Любопытство взяло верх над осторожностью, и он улыбнулся добродушной, обезоруживающей улыбкой.
– Почему «Бошан»? – спросил он. – Это, случайно, не настоящее ваше имя?
– Моя девичья фамилия, – выпалила я, и это была абсолютная правда.
Его широкие светлые брови поползли вверх.
– Вы француженка?
– Нет, англичанка. Но я ведь не могу назваться Фрэзер, разве не так?
– Понятно.
Все еще удивленно глядя на меня, он кивнул на маленькую кушетку, обтянутую парчой, изукрашенную резьбой и удивительно изящную; настоящая музейная вещь, как и все в этой комнате.
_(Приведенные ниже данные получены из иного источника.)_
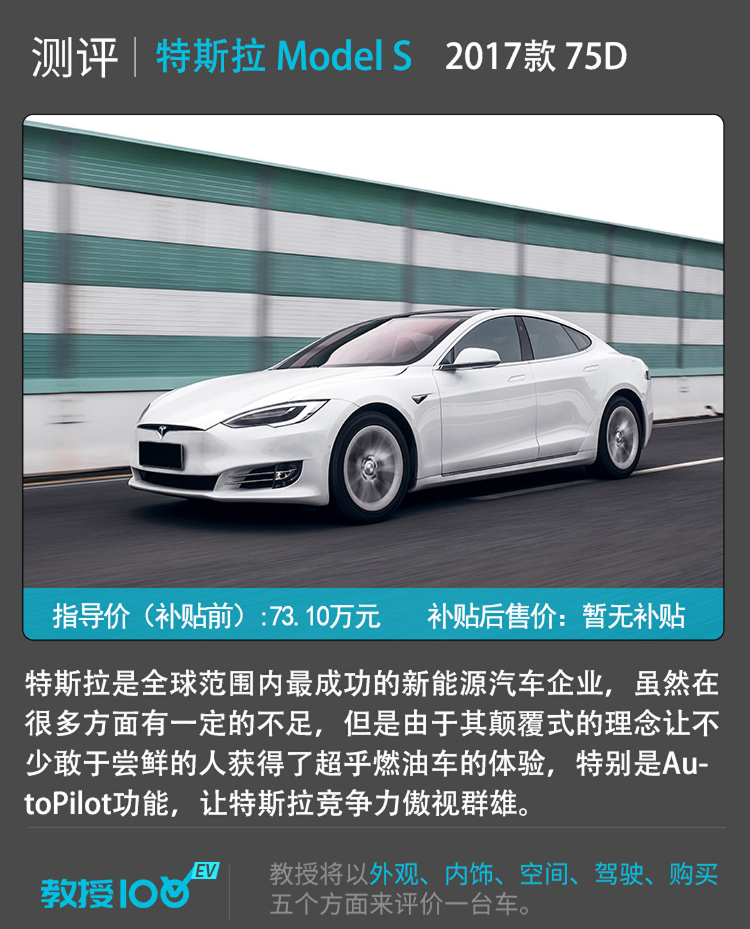 Model S是特斯拉最先推出的产品,经历了改款以后外观设计上更加符合如今的审美,取消掉了原来的“假中网”设计,使得整辆车更加偏向极客的风格。其实在同级别车型中,Model S可以说是没有定位一样的对手,即便是同样定位中大型车,也没有像它那样的纯电动身份。不过在唯美的外观下,特斯拉的做工也是很多人诟病的地方,例如在一些胶条或者做工等细节处理上,特斯拉不尽人意,虽然不影响使用但是对于一台高昂售价的产品,粗糙的做工不能满足该价位的要求。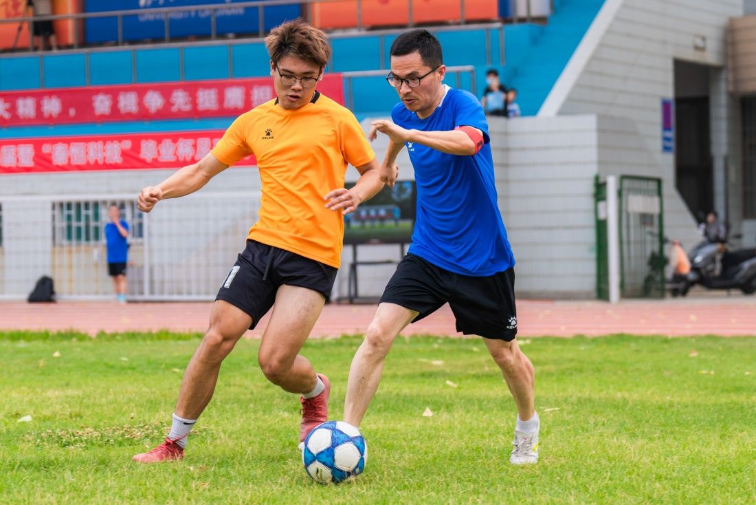 裁判一声哨响,刘宗明校长和程新教授为第39届毕业杯足球赛开球,足球友谊赛拉开序幕。绿茵场上,老师们精准的脚法、娴熟的技术、出色的防守、默契的配合不时赢来现场观众的热烈掌声和阵阵喝彩,同学们积极的跑动、强悍的进攻、巧妙的传球、灵活的跑位,彰显了青年学子青春活力、积极进取的拼搏精神。师生代表队你来我往,互有攻防,比赛动人心弦,高潮迭起,精彩纷呈。最终教师代表队以5:3的比分胜出。比赛结束后,同学们自发站成一排向老师们鞠躬致谢,师生握手拥抱,互道珍重祝福。

Я как можно грациознее подобрала на одну сторону юбку и, делая вид, что не замечаю пятен грязи и конских волос, опустилась на золотистый шелк.
Герцог все еще медленно расхаживал перед камином с легкой улыбкой на лице.
Я боролась с приятной теплотой, которая окутывала мои ноющие ноги, угрожая увлечь меня в бездну усталости. Совсем не время терять бдительность.
– Кто же вы? – неожиданно спросил герцог. – Английская заложница, ярая якобитка или французский агент?
Я потерла двумя пальцами место чуть выше переносицы – там начала пульсировать боль. Правильнее всего было бы сказать: «Ни то, ни другое, ни третье», – но я боялась, что это заведет меня слишком далеко.
– Гостеприимство этого дома несколько уступает его обстановке, – сказала я как можно высокомернее, что при данных обстоятельствах было нелегко, но опыт светской жизни, приобретенный за время общения с Луизой, не пропал даром.
Герцог рассмеялся высоким младенческим смехом, похожим на писк летучей мыши, который мне довелось как-то услышать.
– Извините, мадам. Вы совершенно правы – я должен был предложить вам что-нибудь для подкрепления сил, прежде чем позволить себе задавать вопросы. Досадная невнимательность с моей стороны.
Он пробормотал что-то лакею, который появился на его звонок, и спокойно остался ждать перед камином, пока принесут поднос. Я сидела молча, оглядывая комнату и время от времени бросая взгляды на хозяина. Ни ему, ни мне пустая светская беседа была не нужна. Несмотря на его внешнее радушие, это было всего лишь вооруженное перемирие, и мы оба это понимали.
Мне же хотелось знать только одно – почему я здесь оказалась. Я нисколько не удивлялась тому, что людей интересовало, кто я такая. Черт возьми, теперь настала моя очередь удивляться: откуда вдруг появился герцог? Или откуда, по его мнению, появилась я? Он знал меня и раньше как жену владельца Лаллиброха. И вот я возникла на пороге его дома как английская заложница по имени Бошан, недавно освобожденная из рук шотландских якобитов. Достаточно, чтобы пробудить любопытство в ком угодно. Но его отношение ко мне определялось отнюдь не простым любопытством.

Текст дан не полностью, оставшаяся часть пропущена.